New employees (and their families) who join a plan and family members of current employees who join for the first time will not impact grandfather status, under the legislation.

Take advantage of the retiree health subsidy.

The law creates a temporary reinsurance program to reimburse employer-sponsored health plans up to 80% of early retirees’ (ages 55 through 64) health care costs between $15,000 and $90,000. But the government has only funded $5 billion for this program, so if you quality for it, file your application quickly. “This money will go fast,” warns Dean Hatfield with Sibson Consulting in New York.
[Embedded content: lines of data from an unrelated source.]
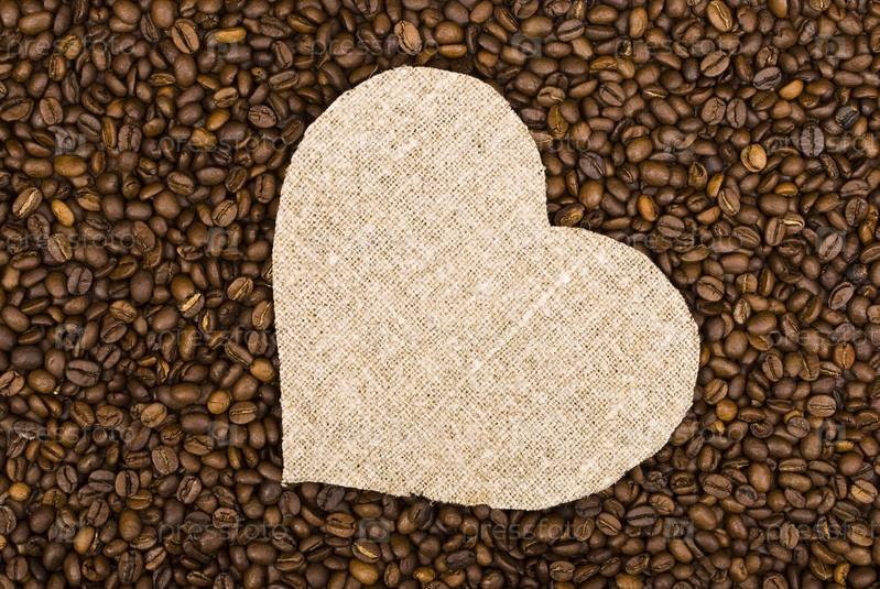 Льняное сердце на фоне из кофейных зерен
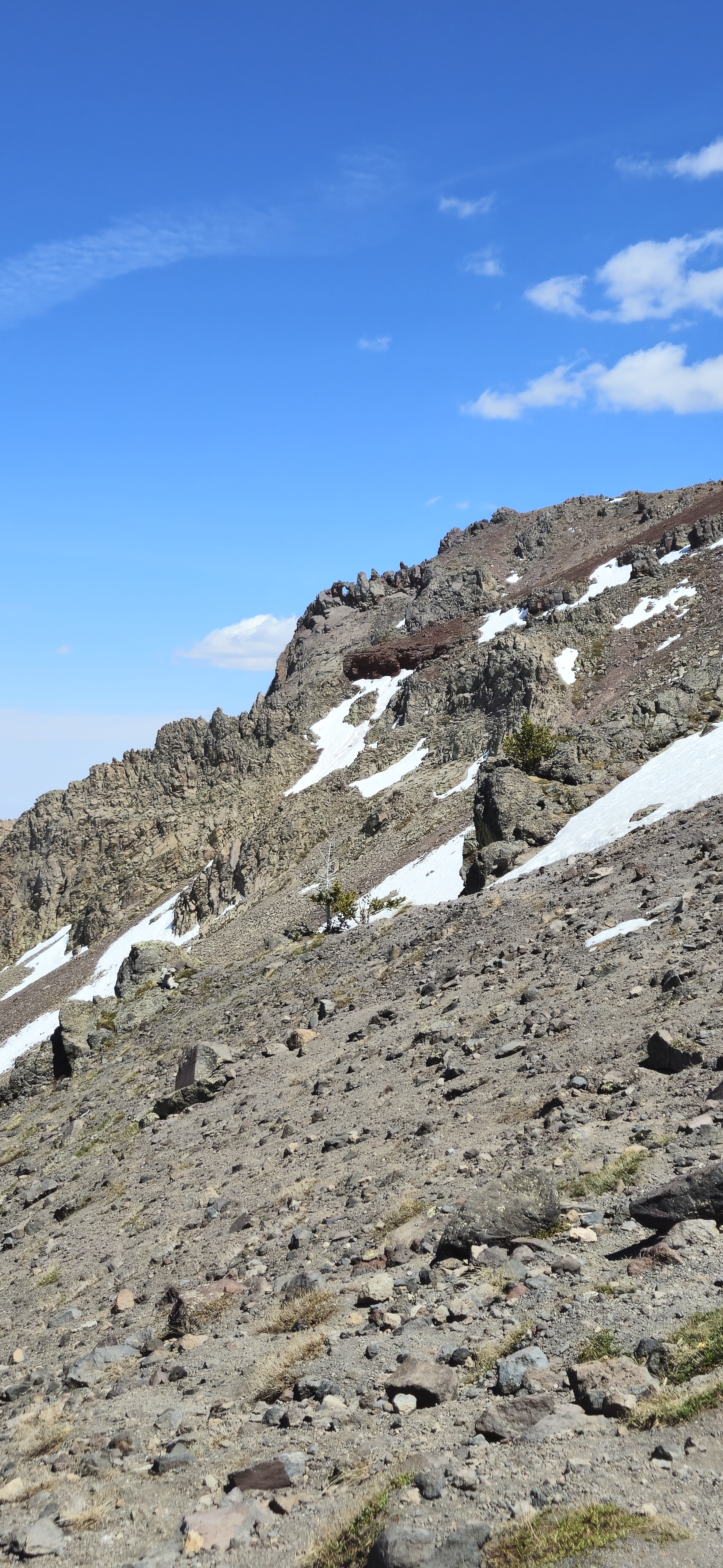 Back to my trip, the sustained peek I had at these mountains as I drove past them stuck in my mind. At intervals on the rest of my drive to California and idle moments there, I read up on the mountains, particularly the tallest peak, Humphrey’s. And the maturation of the wheat in Kansas slowed down enough for me to plan on making Humphrey’s my “sneak peak,” my unanticipated first summit of 2024. Humphrey’s has a pretty well-defined trail up it (“strenuous”, roughly 10 miles, with a 3,420-ft. gain in elevation, according to the Forest Service). Trip reports on hiking apps relayed that much of the winter’s snow had melted, leaving fields which were passable, especially if one wore microspikes for additional traction.
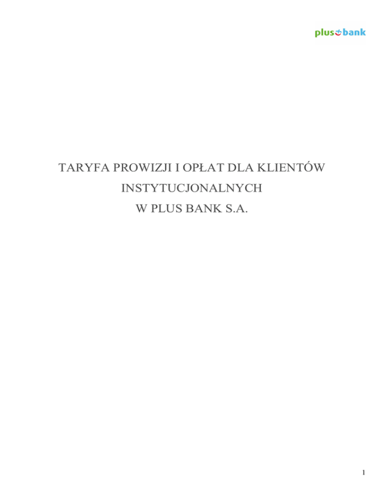 TARYFA PROWIZJI I OPŁAT DLA KLIENTÓW INSTYTUCJONALNYCH W PLUS BANK S.A. 1 SPIS TREŚCI: Ogólne zasady pobierania prowizji i opłat dla Klientów Instytucjonalnych w PLUS BANK S.A. I. DEPOZYTY 1. Rachunki 1.1 Rachunek biznes 1.1.2 Rachunki w formie pakietu 1.1.3 Rachunek lokacyjny biznes 1.1.4 Rachunki depozytowe bonów skarbowych 2. Rozliczenia pieniężne 2.1 Wpłaty gotówkowe 2.2 Wypłaty gotówkowe 2.3 Czeki 2.4 Przelewy i zlecenia płatnicze 2.4.1 Przelewy krajowe 2.4.2 Polecenie zapłaty 2.4.3 Program przelewy masowe 2.4.4 Polecenia wypłaty w obrocie dewizowym 3. System bankowości elektronicznej 3.1 plusbank24 3.1.1 Identyfikator 3.1.2 Hasła 3.1.3 Autoryzacja 3.1.4 Przelewy i zlecenia płatnicze 3.1.5 Polecenie wypłaty w obrocie dewizowym zlecone w plusbank24 3.1.6 Doładowanie telefonu komórkowego 3.1.7 Aktywacja karty 3.2 p@rtner24 - homebanking 4. Karty płatnicze 4.1 Karta Visa Business II. KREDYTY I GWARANCJE 5. Kredyty 5.1 Udzielenie kredytu 5.2 Zmiany warunków kredytowania na wniosek klienta 5.3 Inne usługi związane z prowadzeniem rachunków kredytowych 6. Gwarancje III INNE USŁUGI 7 Informacje i zaświadczenia 8 Monity i wezwania 9 Blokada środków na rachunku 10 Pozostałe usługi 11 Zryczałtowane opłaty telekomunikacyjne, pocztowe i kurierskie 11.1 Zryczałtowane opłaty telekomunikacyjne 11.2 Zryczałtowane opłaty pocztowe 11.3 Zryczałtowane opłaty kurierskie 2 Ogólne zasady pobierania prowizji i opłat dla Klientów Instytucjonalnych w PLUS BANK S.A. obowiązuje od dnia 31.03.2015 r. 1. Niniejsza Taryfa dotyczy: rezydentów będących osobami fizycznymi prowadzącymi działalność gospodarczą, osobami prawnymi (z wyłączeniem banków krajowych) jednostkami organizacyjnymi nie posiadającymi osobowości prawnej, nierezydentów (z wyłączeniem osób fizycznych i banków zagranicznych). 2. Wszelkie opłaty i prowizje pokrywa Klient – zleceniodawca czynności bankowych, chyba że strony umówiły się inaczej. Opłaty i prowizje prezentowane są w Taryfie w kwocie brutto. 3. Bank nie pobiera opłat i prowizji za: otwarcie i prowadzenie rachunku na rzecz Organizacji pożytku publicznego - w rozumieniu przepisów Ustawy z dnia 24 kwietnia 2003 r. o działalności pożytku publicznego i o wolontariacie (DZ. U. Nr 96, poz. 873) oraz Ustawy –Przepisy wprowadzające ustawę o działalności pożytku publicznego i o wolontariacie (Dz. U. Nr 96, poz. 874). wpłaty związane ze spłatą zobowiązań wobec Banku (w tym kredytów i odsetek), przygotowanie, sporządzenie i przekazanie informacji o kliencie i/lub prowadzonych rachunkach bankowych uprawnionym osobom, organom i instytucjom gdy udzielanie informacji następuje na żądanie: sądu lub prokuratury w toku postępowania karnego lub postępowania w sprawie o przestępstwo skarbowe • przeciwko osobie fizycznej będącej stroną umowy; prokuratury w sprawach dotyczących wykorzystywania działalności banków do celów mających związek • z przestępstwem, o którym mowa w art. 299 ustawy z dnia 6 czerwca 1997 r.-kodeks karny; Generalnego Inspektora Kontroli Skarbowej, Dyrektora Urzędu Kontroli Skarbowej oraz Naczelnika Urzędu • Skarbowego w zakresie uregulowanym w odrębnych ustawach; Zakładu Ubezpieczeń Społecznych w sprawach dotyczących numerów rachunków bankowych płatników • składek oraz danych umożliwiających identyfikację posiadaczy tych rachunków; Służb Ochrony Państwa, Agencji Wywiadu, Policji, Żandarmerii Wojskowej, Straży Granicznej i Służby • Więziennej w związku z postępowaniami sprawdzającymi na podstawie przepisów o ochronie informacji niejawnych. 4. Bank zastrzega sobie prawo, bez odrębnej dyspozycji Posiadacza rachunku, do obciążania rachunku kwotami z tytułu bankowych opłat i prowizji. 5. Za usługi nietypowe, nieprzewidziane w Taryfie, Oddziały mogą pobierać opłaty, których wysokość ustalają we własnym zakresie Dyrektorzy Oddziałów. 6. Niezależnie od prowizji lub opłat ustalonych w Taryfie Bank pobiera również: zryczałtowane opłaty stanowiące pokrycie ponoszonych przez Bank kosztów pocztowych telekomunikacyjnych w obrocie krajowym i zagranicznym, prowizje i opłaty na rzecz innych banków (krajowych i zagranicznych) pośredniczących w wykonaniu zlecenia, zgodnie z obowiązującymi taryfami tych banków lub według odrębnie zawartych porozumień, 7. Opłaty i prowizje za poszczególne czynności pobierane są po ich wykonaniu, za wyjątkiem opłaty za przyjęcie i rozpatrzenie wniosku o udzielenie/odnowienie kredytu, podwyższenie kwoty kredytu, prolongatę terminu spłaty (wydłużenie okresu obowiązywania umowy), wystawienie promesy kredytu, zmianę warunków kredytowania, prowizji za administrowanie kredytem oraz za wystawienie gwarancji, które są pobierane z góry. Prowizje i opłaty za prowadzenie rachunku oraz opłaty cykliczne, pobierane są ostatniego dnia kalendarzowego każdego miesiąca z wyjątkiem prowizji za gotowość, która pobierana jest pierwszego dnia miesiąca za miesiąc poprzedni. W przypadku pozytywnej decyzji w sprawie zmiany warunków kredytowania pobrana opłata za rozpatrzenie wniosku zaliczana jest na poczet prowizji za wykonanie danej czynności. 8. W przypadku braku na rachunku środków na pokrycie prowizji i opłat pobieranych cyklicznie, Bank pobierze je z pierwszych wypływów na rachunek. 9. Bank może odmówić wykonania czynności zleconej przez Posiadacza rachunku w przypadku braku środków na zapłatę prowizji lub opłaty za tą czynność. 10. Pobierane opłaty i prowizje nie podlegają zwrotowi. 3 11. Niepobranie opłaty lub prowizji w terminach określonych w niniejszej Taryfie nie ogranicza możliwości ich pobrania w terminach późniejszych. 12. Klient jest obciążany opłatami i prowizjami na następujących zasadach: 1. gdy opłaty i prowizje są pobierane z rachunku złotowego: a. dla opłat i prowizji wyrażonych w złotych – kwotą wynikającą z Taryfy, b. dla opł

The program is to be established by the government no later than June 23, 2010. Interim final rules were published May 5, 2010; comments on the rules are due June 4. To learn more about the subsidy, view the rules and obtain instructions for filing comments on them, go to http://edocket.access.gpo.gov/2010/pdf/2010-10658.pdf.

Remove ineligible individuals.

Remove ineligible individuals from the plan before the rescission prohibition becomes effective. The law bars employers from rescinding health insurance coverage for any reason other than fraud or intentional misrepresentation as of Sept. 23, 2010. If the plan has ineligible dependants on its roster, it will be easier to remove them before that date, suggests Brennan Clipp, senior VP for sales at HRAdvance, Dallas, a company that helps employers deal with the eligibility process. You should review and update your list of eligibles accordingly.

Think about reducing benefits.

PPACA prohibits lifetime and annual limits on the dollar value of “essential” health benefits as of Oct. 1, 2010 (Jan. 1, 2011 for calendar year plans), although HHS will publish a rule allowing some restrictions on annual limits. One way to reduce costs is to reduce or even eliminate some non-essential benefits currently offered, suggests Clark. “It’s hard to take away benefits, but now is the time to think about it,” suggests Hatfield.

Revisit your stop-loss insurance policy.

Since some of the provisions in the health reform law, such as the prohibition on annual and lifetime limits, can potentially increase an employer’s exposure, it’s more important than ever to make sure that your stop loss coverage is adequate. Employers with stop loss insurance coverage may need to change their stop loss coverage amounts, says Hatfield.